Unlike the imperiled biosphere, Earth’s crust and mantle, which are charged with many of the baseline ingredients of humans, show no signs of decline. In fact, they’re having a heyday—erupting, grinding, migrating, and splintering in unpredictable ways. Recent data also indicates the plates are up to something supremely weird: making a discreet move toward reunification. Like gazing at the stars, contemplating the so-called deep future of Earth with a new supercontinent can take the sting out of bleak climate predictions for the nearer term.
In about 200 million years, our far-flung continents may join up again. Though progress toward the Pangaea Proxima, the next Pangaea, is slow, it is also measurable. Seismologists have found that the Mid-Atlantic Ridge, a mountain range on the ocean floor that separates North America from Europe and Africa, is expanding about as fast as fingernails grow, broadening the Atlantic Ocean at a rate of some 4 centimeters per year. Meanwhile, the Nazca, a plate off the west coast of Peru, seems to be moving faster, about the speed that hair grows, which may be closing up the Pacific.

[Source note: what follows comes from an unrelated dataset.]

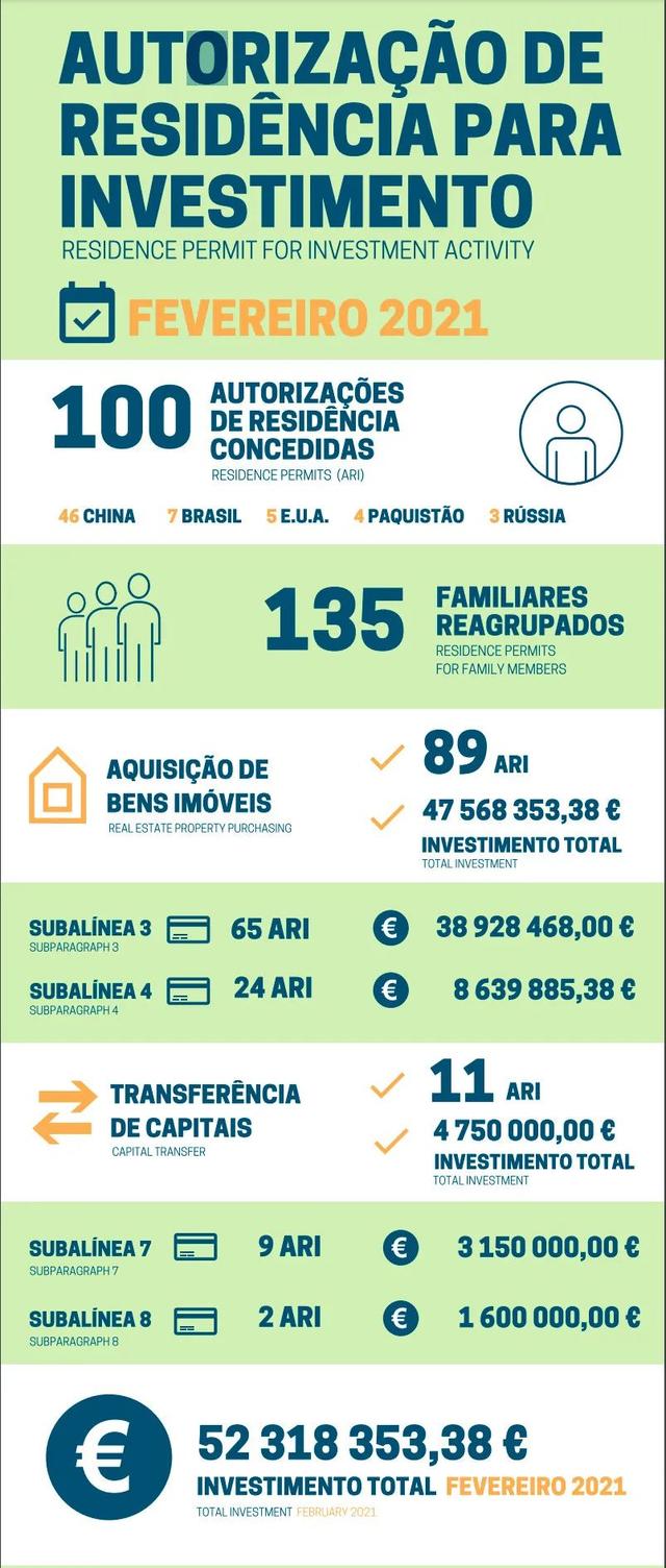 从葡萄牙SEF公布了2021年2月份的最新移民数数据中可以看出,2月份主申请人达9544位,附属申请人达16265位,共有100位主申请人成功取得葡萄牙黄金签证,批准量相较于去年2月份增长了43%。

Of course, the chance that humans will exist to check the prediction is essentially zero. But to study the deep future is to recognize that flora and fauna, human fauna included, may be bit players in the fathomless intergalactic drama of chemicals.

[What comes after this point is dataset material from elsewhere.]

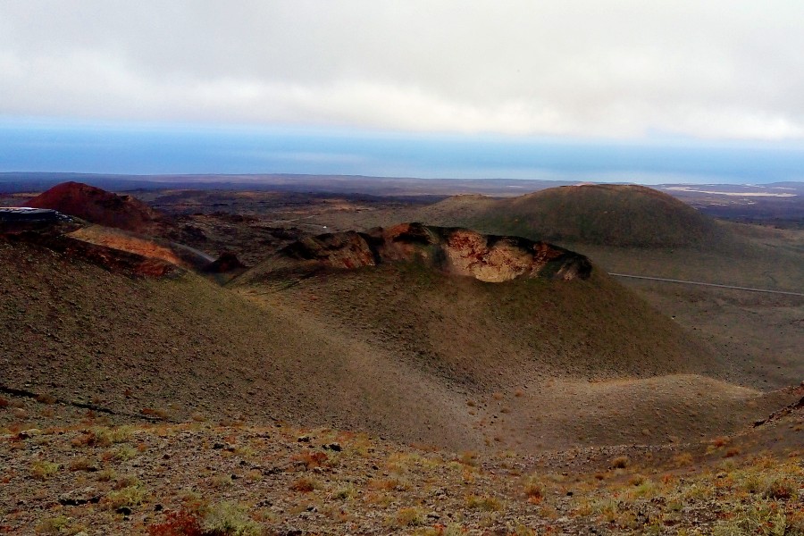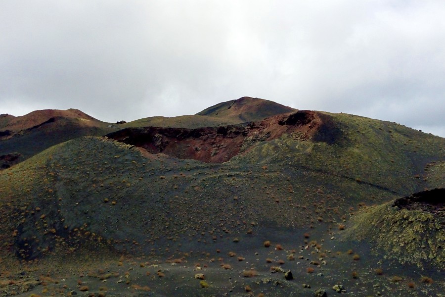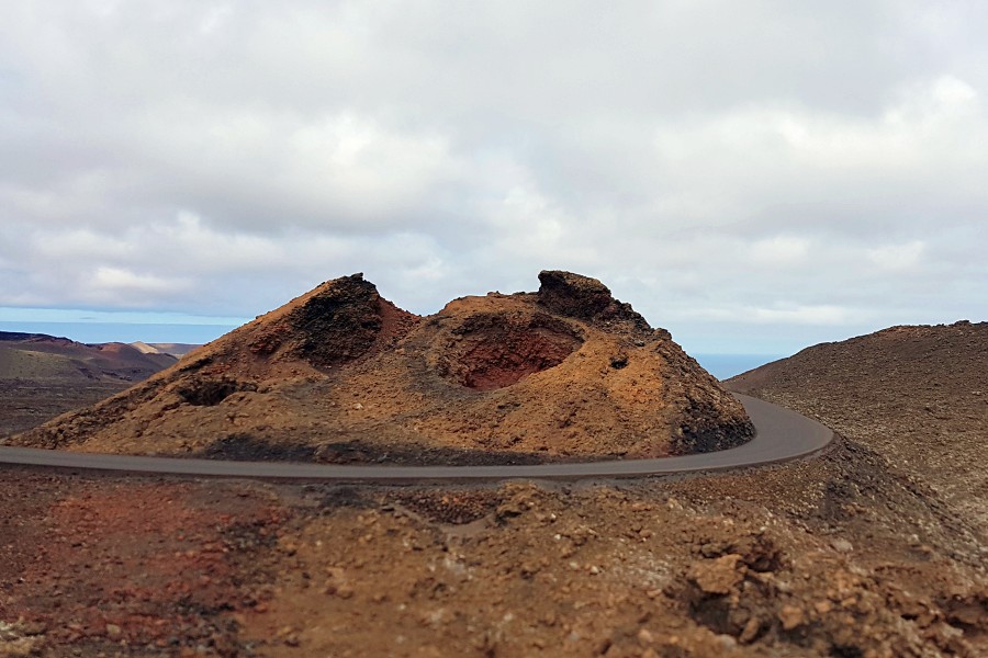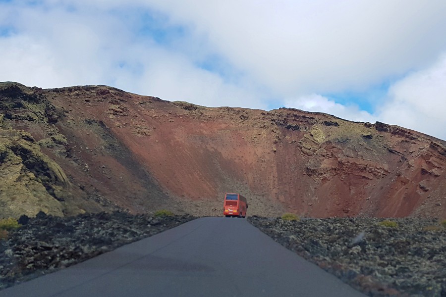 Die Teilnahme an der Bustour, so wird uns erklärt, ist die einzige Möglichkeit, die Kraterwelt des Nationalparks zu erkunden. Der verständliche Grund: Die Strecke ist lang, windet sich um die Vulkankegel, führt in luftige Höhen, passiert schmale Furten und nähert sich steilen Abgründen. Das ist nur etwas für wirklich versierte Fahrer. Vor der Abfahrt glauben wir es, danach würden wir es direkt auch unterschreiben. Die Rundfahrt wird in jeder Hinsicht atemberaubend. Unterwegs werden wir über die Buslautsprecher mit Anekdoten und Infos versorgt. Während vor dem Fenster die Vulkankrater langsam vorbeigleiten, hören wir zu: Drei Viertel der Insel Lanzarote sind von Lava bedeckt, rund 100 Vulkane haben über 300 Krater gebildet. Sechs Jahre dauerten die letzten Ausbrüche. Sie transportierten Abermillionen Kubikmeter Eruptivmaterial aus dem Inneren der Erde. Noch heute beträgt hier die Bodentemperatur nur wenige Meter unter der Oberfläche mehrere hundert Grad. Die sachlich aufgeführten Daten und Fakten im Ohr und die fremdartigen Farben und Formen vor Augen, verbreitet sich eine verstörende Atmosphäre. Mystische Musik verstärkt den Eindruck, durch eine surreale Welt zu schweben, eine Mondlandschaft oder eine Fantasiewelt, die durch einen dunklen Zauber versteinert wurde. Unsere Blicke wandern über ein Meer aus Lavawellen die aschebraunen Vulkanhänge hinauf und dann wieder hinab in die Kraterrachen.

Eons in advance, then, cartographers and earth scientists are clocking continental drift and fantasizing about new worlds. “Amasia” is the name for a hypothetical supercontinent formed when Asia, Africa, North America, South America, Europe, and Australia all fuse around the north pole. An even deeper-future hypothesis, which might take 250 million years, is called “Aurica,” the coalescence of all seven continents, including Antarctica, around the equator. It will no doubt be useful that the next Pangaeae are named in advance, so the rocks will have something to call themselves.
This past January, British seismologists based at the University of Southampton on England’s south coast—Southampton was the illustrious departure port for the Mayflower and the RMS Titanic (so they care about geological oceanography)—found new ways to observe mantle convection, some 400 miles below Earth’s crust and more than a thousand miles from its core. The material there is surging. As plates move apart along the Mid-Atlantic Ridge, material rises to fill the space between them. As the team reported in a paper published in Nature, these surges could shove tectonic plates up from below and help push the continents farther apart (meaning, since this is a sphere we’re talking about, closer together around the back).